In general, learning process involves the learning of the set of parameter \(\theta\) simultaneously for reconstructing the input space with the objective to incur the lowest reconstruction error \(O\left( {i,d} \right)\) using stochastic gradient. However, these generated abstract features due to compression in reconstruction phase may lost some useful information. To this end, the goal of CAE is to learn the robust representation, which is less sensitive to small changes in data. That is achieved by using an additional regularization term \(\lambda \left\| {J_{h} (k)} \right\|_{\begin{subarray}{l} F \\ \end{subarray} }^{2}\) that penalizes the input for little changes, this term is also known as sensitivity penalization term. \(J\left(k\right)\) is the Jacobian matrix of encoding layer (h) with respect to input function (x). It is calculated by finding the partial derivatives of h w.r.t x.

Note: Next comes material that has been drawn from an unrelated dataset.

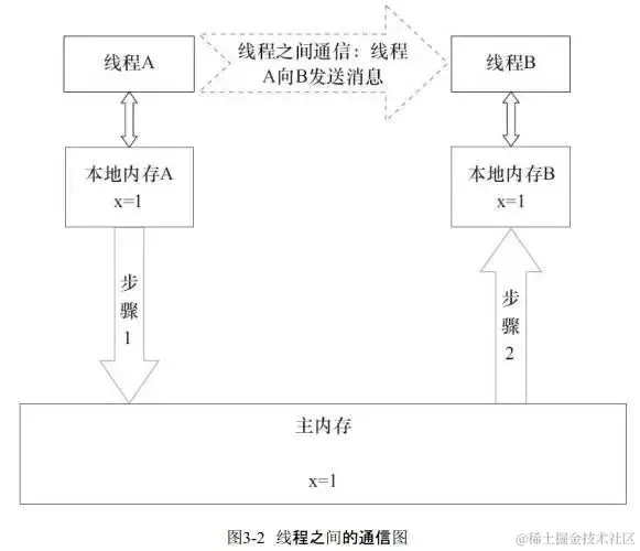 JMM模型下的线程间通信:

Further by summing up the squares of the derivatives the generated mapping persuasively contracts the data. \({^{\prime}}\lambda{^{\prime}}\) is the penalty parameter that controls the contraction of the Jacobian term. Hence it penalizes the large derivative that ménages the degree of variation in input concerning the learned hidden representation. This regularization term provides the approximation of local density function that is assistive in selecting a single vector which is a tangent plane to the concentrated region of manifold. Furthermore, it’s under complete version is used to capture the salient structure of the input data distribution.

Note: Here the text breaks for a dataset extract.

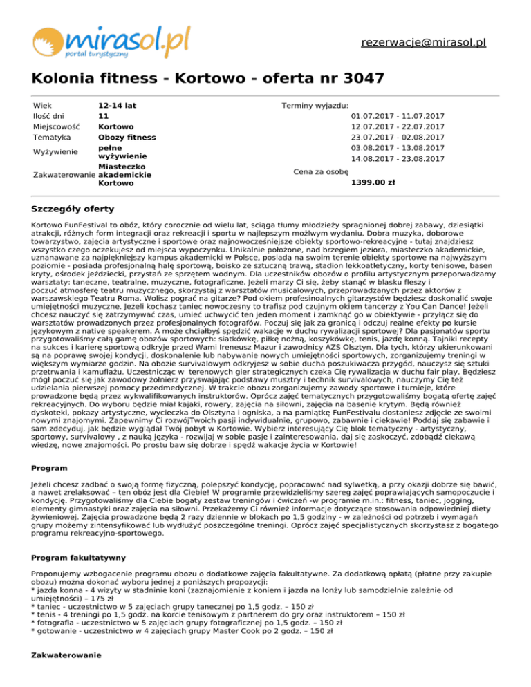 [email protected] Kolonia fitness - Kortowo - oferta nr 3047 Wiek 12-14 lat Ilość dni 11 01.07.2017 - 11.07.2017 Miejscowość Kortowo 12.07.2017 - 22.07.2017 Tematyka Obozy fitness 23.07.2017 - 02.08.2017 Wyżywienie pełne wyżywienie 03.08.2017 - 13.08.2017 Miasteczko Zakwaterowanie akademickie Kortowo Terminy wyjazdu: 14.08.2017 - 23.08.2017 Cena za osobę 1399.00 zł Szczegóły oferty Kortowo FunFestival to obóz, który corocznie od wielu lat, sciąga tłumy młodzieży spragnionej dobrej zabawy, dziesiątki atrakcji, różnych form integracji oraz rekreacji i sportu w najlepszym możlwym wydaniu. Dobra muzyka, doborowe towarzystwo, zajęcia artystyczne i sportowe oraz najnowocześniejsze obiekty sportowo-rekreacyjne - tutaj znajdziesz wszystko czego oczekujesz od miejsca wypoczynku. Unikalnie położone, nad brzegiem jeziora, miasteczko akademickie, uznanawane za najpiękniejszy kampus akademicki w Polsce, posiada na swoim terenie obiekty sportowe na najwyższym poziomie - posiada profesjonalną halę sportową, boisko ze sztuczną trawą, stadion lekkoatletyczny, korty tenisowe, basen kryty, ośrodek jeździecki, przystań ze sprzętem wodnym. Dla uczestników obozów o profilu artystycznym przeporwadzamy warsztaty: taneczne, teatralne, muzyczne, fotograficzne. Jeżeli marzy Ci się, żeby stanąć w blasku fleszy i poczuć atmosferę teatru muzycznego, skorzystaj z warsztatów musicalowych, przeprowadzanych przez aktorów z warszawskiego Teatru Roma. Wolisz pograć na gitarze? Pod okiem profesinoalnych gitarzystów będziesz doskonalić swoje umiejętności muzyczne. Jeżeli kochasz taniec nowoczesny to trafisz pod czujnym okiem tancerzy z You Can Dance! Jeżeli chcesz nauczyć się zatrzymywać czas, umieć uchwycić ten jeden moment i zamknąć go w obiektywie - przyłącz się do warsztatów prowadzonych przez profesjonalnych fotografów. Poczuj się jak za granicą i odczuj realne efekty po kursie językowym z native speakerem. A może chciałbyś spędzić wakacje w duchu rywalizacji sportowej? Dla pasjonatów sportu przygotowaliśmy całą gamę obozów sportowych: siatkówkę, piłkę nożną, koszykówkę, tenis, jazdę konną. Tajniki recepty na sukces i karierę sportową odkryje przed Wami Ireneusz Mazur i zawodnicy AZS Olsztyn. Dla tych, którzy ukierunkowani są na poprawę swojej kondycji, doskonalenie lub nabywanie nowych umiejętności sportowych, zorganizujemy treningi w większym wymiarze godzin. Na obozie survivalowym odkryjesz w sobie ducha poszukiwacza przygód, nauczysz się sztuki przetrwania i kamuflażu. Uczestnicząc w terenowych gier strategicznych czeka Cię rywalizacja w duchu fair play. Będziesz mógł poczuć się jak zawodowy żołnierz przyswajając podstawy musztry i technik survivalowych, nauczymy Cię też udzielania pierwszej pomocy przedmedycznej. W trakcie obozu zorganizujemy zawody sportowe i turnieje, które prowadzone będą przez wykwalifikowanych instruktorów. Oprócz zajęć tematycznych przygotowaliśmy bogatą ofertę zajęć rekreacyjnych. Do wyboru będzie miał kajaki, rowery, zajęcia na siłowni, zajęcia na basenie krytym. Będą również dyskoteki, pokazy artystyczne, wycieczka do Olsztyna i ogniska, a na pamiątkę FunFestivalu dostaniesz zdjęcie ze swoimi nowymi znajomymi. Zapewnimy Ci rozwójTwoich pasji indywidualnie, grupowo, zabawnie i ciekawie! Poddaj się zabawie i sam zdecyduj, jak będzie wyglądał Twój pobyt w Kortowie. Wybierz interesujący Cię blok tematyczny - artystyczny, sportowy, survivalowy , z nauką języka - rozwijaj w sobie pasje i zainteresowania, daj się zaskoczyć, zdobądź ciekawą wiedzę, nowe znajomości. Po prostu baw się dobrze i spędź wakacje życia w Kortowie! Program Jeżeli chcesz zadbać o swoją formę fizyczną, polepszyć kondycję, popracować nad sylwetką, a przy okazji dobrze się bawić, a nawet zrelaksować – ten obóz jest dla Ciebie! W programie przewidzieliśmy szereg zajęć poprawiających samopoczucie i kondycję. Przygotowaliśmy dla Ciebie bogaty zestaw treningów i ćwiczeń -w programie m.in.: fitness, taniec, jogging, elementy gimnastyki oraz zajęcia na siłowni. Przekażemy Ci również informacje dotyczące stosowania odpowiedniej diety żywieniowej. Zajęcia prowadzone będą 2 razy dziennie w blokach po 1,5 godziny - w zależności od potrzeb i wymagań grupy możemy zintensyfikować lub wydłużyć poszczególne treningi. Oprócz zajęć specjalistycznych skorzystasz z bogatego programu rekreacyjno-sportowego. Program fakultatywny Proponujemy wzbogacenie programu obozu o dodatkowe zajęcia fakultatywne. Za dodatkową opłatą (płatne przy zakupie obozu) można dokonać wyboru jednej z poniższych propozycji: * jazda konna - 4 wizyty w stadninie koni (zaznajomienie z koniem i jazda na lonży lub samodzielnie zależnie od umiejętności) – 175 zł * taniec - uczestnictwo w 5 zajęciach grupy tanecznej po 1,5 godz. – 150 zł * tenis - 4 treningi po 1,5 godz. na korcie tenisowym z partnerem do gry oraz instruktorem – 150 zł * fotografia - uczestnictwo w 5 zajęciach grupy fotograficznej po 1,5 godz. – 150 zł * gotowanie - uczestnictwo w 4 zajęciach grupy Master Cook po 2 godz. – 150 zł Zakwaterowanie Dom studencki, pokoje 2 osobowe z łazienkami. W akademiku znajduje się świetlica, sala TV, całodobowa recepcja. Miasteczko akademickie Kortowo należy do Uniwersytetu Warmińsko-Mazurskiego w Olsztynie, położone jest poza miastem nad jeziorem Kortowskim, w otoczeniu lasów i parków. Na terenie miasteczka znajdują się akademiki, budynki uczelni i różnorodne obiekty sportowo-rekreacyjne: boiska ze sztuczną nawierzchnią do piłki nożnej, koszykówki i siatkówki, korty tenisowe, kryta pływalnia, przystań wodna ze sprzętem pływającym, kąpielisko strzeżone, hala sportowa, ośrodek jeździecki, dyskoteki. Świadczenia Zakwaterowanie: 10 noclegów (PPOK0814 - 9 noclegów) Wyżywienie: Całodzienne (3 posiłki) w stołówce ośr

$$JAE\left( \theta \right) \, = \, I \, k \, O\left( {i\left( k \right),z\theta \left( {g\theta \left( {i\left( k \right)} \right)} \right)} \right) + \lambda \left\| {J_{h} (k)} \right\|_{\begin{subarray}{l} F \\ \end{subarray} }^{2}$$
(3)

Proposed deep features hunting technique

In the feature extraction phase, we have proposed a Core Feature Hunting (CFH) approach that utilizes Undercomplete deep Contractive Autoencoder (CAE) to extract the core ransomware features. CAE, is an unsupervised generative model that is trained to learn a single uniform distribution of various ransomware attacks. It aims to reconstruct the original data distribution by retaining some valuable variations. The proposed CFH module is trained and validated in an unsupervised manner to minimize the reconstruction loss on core features. The optimized architecture constitutes ten hidden layers, including five encoding and decoding layers. The first five encoding layers encode the original features to core semantic features. While the last five decoding layers, decode the encoded features to reconstruct the original input by learning an optimized loss function described in Eq. (3). In encoding layers, each consequent layer constituents 16,382, 4000, 2000, 1200, 600, and 100 neurons. In contrast, the decoding layer constituents 600, 1200, 2000, 4000, and 16,382 neurons in each layer separately. The penalty term of the loss function is optimized to get smaller derivate to suppress the family variations of ransomware.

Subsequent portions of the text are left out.